Lawyer Marketing Ideas: Obtaining Referrals from Local Professionals
A lawyer’s step-by-step guide to obtaining more referrals from local professionals — both attorneys and non-attorneys.
Referred prospects are high-quality leads. When they come from attorneys or other professionals, the prospects usually have already been vetted by the referral source, and they come pre-sold on retaining you.
Best of all, it costs little to establish referral relationships with professionals who can regularly send you these quality prospects.
After a year of experimentation and working to help nearly a hundred small-firm lawyers establish productive referral relationships with local professionals, we have settled on the following successful approach.
Step 1: Create two lists
The first list to compile is of nearby lawyers in compatible and non-competing specialties.

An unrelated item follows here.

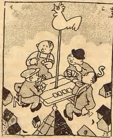
—No sé por qué subírnos a la valeta para echar la partida. —En cualquier otro sitio sería peligroso. Ya ni en Tabernas se puede jugar.

Se reciben donativos en la Redacción de EL PUEBLO, Palma, 9.

We have automated the initial phase of this work, but an effective manual substitute approach is to simply Google “______ [specialty] attorney nearby” and write the lead attorney name, specialty, address, and telephone number in Excel or Sheets, putting each item in a separate column for ease of sorting.
We start with 25 attorney names, but you can compile more or fewer names depending on time available and the population density of your office location.
The advantage of using Google is that the names it supplies will be among the stronger marketers in the area and thus have better lead and client flow than less-successful marketers.
Then do the same for what we call allied professionals. These are non-attorneys who share the same client base as you. For example:
Bankruptcy: credit counselors and mortgage brokers
Business litigation: Bankers, CPAs, management consultants
Criminal: mental health professionals and rehab facilities
Estates: CPAs, financial planners, and insurance brokers
Family: marriage counselors
Personal injury: chiropractors and physical therapists
Social Security disability: chiropractors and mental health professionals
Compile these allied-pro names on a separate page of Excel or Sheets.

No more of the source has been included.